I picked him up there each afternoon, backpack dangling over his shoulder, greeting me only after giving her a “ticket” {her hug} at the end of a long day of new beginnings.

And in watching his world expand within the walls of that classroom and his barriers break down and fall away through the discipline and encouragement of Ms. Winkler, I slowly recovered from the fact that he was no longer mine alone, that he was getting older, that I needed to let go at least a little…

That it was okay to let go of him, with that teacher, in that classroom.

He stepped out into the world and started on the path that will be his life and I learned how one person can truly change the world one soul at a time, year after year, within the walls of a classroom.

We said goodbye to that wonderful teacher a few weeks ago, as she left the world of teaching to enjoy a well-deserved retirement.

Love and Loss and Learning...Harvey Continues | Houston Moms Blog

And that classroom was filled with several feet of water in hurricane Harvey last August and will be torn down this summer.

I opened that door one last time…for the first time since the flood. The creaking sound was familiar as was its heaviness as I pulled it open. I remembered opening that door for my boy in the morning, often frazzled and later than we meant to be. And I could see his friend standing at the door, waiting to greet him by name with eye contact and a handshake, as Ms. Winkler had taught them.

I flipped on the light and looked around at the room with its empty and torn out walls and its pile of debris in the center. The shades were drawn over the windows that filled the back wall and had let God’s glorious light in to shine on these babies while they learned. All the signs of childhood and wonder and alphabets and colorful pictures that lined the walls were gone and drawers and wood and flood-damaged books filled the center of the room.

There were no tadpoles growing in an aquarium by the front chalkboard, eagerly anticipating their transformation into frogs. There were no caterpillars dangling from a net, eagerly anticipating their transformation into butterflies. And there were no kindergartners in this classroom this year, eagerly anticipating their transformation into first graders.

There was a big, fat, loathsome pile of debris to remind us that all of this will just pass away.

Love and Loss and Learning...Harvey Continues | Houston Moms Blog

And I was sad and angry all over again about all that was lost, all that was taken from us by that storm, and all that we were forced to say goodbye to before we were ready.
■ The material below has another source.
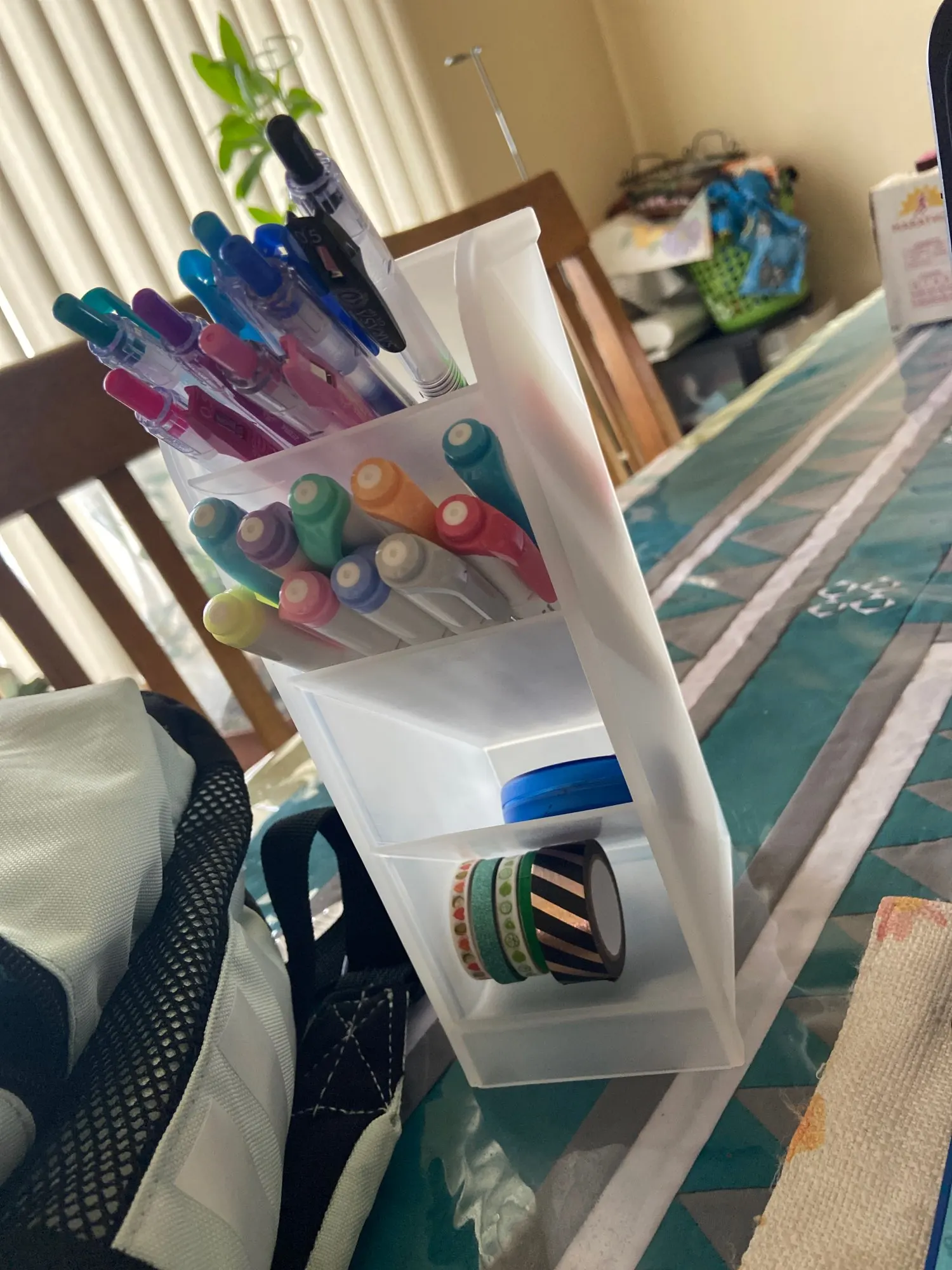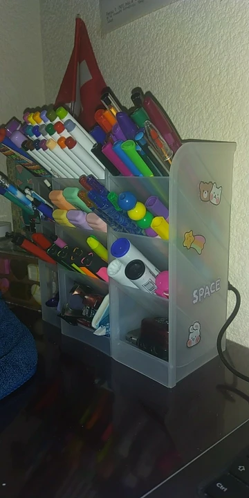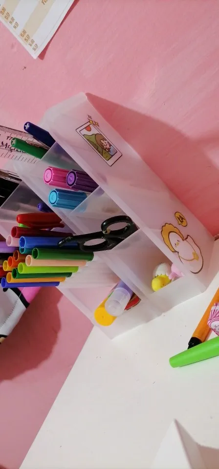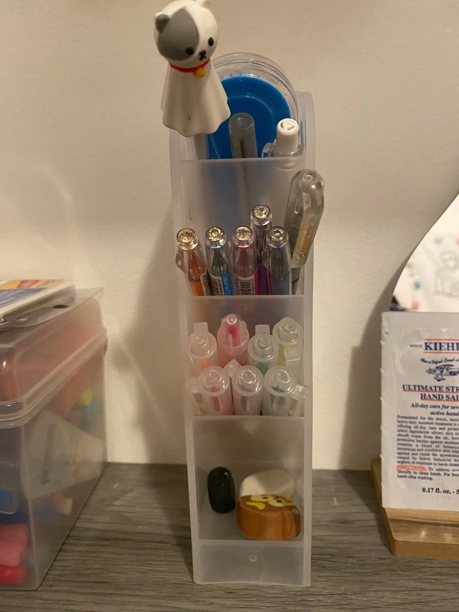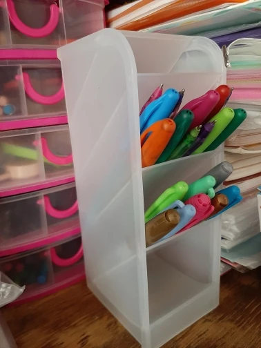 Really cute and useful organiser, it fits all of my pens and even has a little compartment at the bottom, it’s absolutely perfect and a great price, so I would highly recommend. Thank you so much xx:):).

Life moves on. Homes are rebuilt. People slowly start to fill your street once again. And you think you’re fine. You think it’s all fine.

Until suddenly it’s not.

But standing in the destruction of that classroom, surrounded by wisps of memories swirling around me in contrast to the backdrop of the empty walls and destruction I now see, it could not be more clear that the magic in this classroom had everything to do with the laughter that filled it and the love that governed it.

Aside from the tributes of former students that lovingly decorate these walls in a final salute, there is nothing left that says, “Love was taught here.”

That lives on in a place that can’t be touched by hurricanes or floodwaters or bulldozers…in the memory of a teacher who formed a generation of students, and a little blonde boy who was as transformed as the tadpoles and caterpillars under Ms. Winkler’s watch…and the little boy’s mother who will remember the weight of the door she left her baby behind each morning.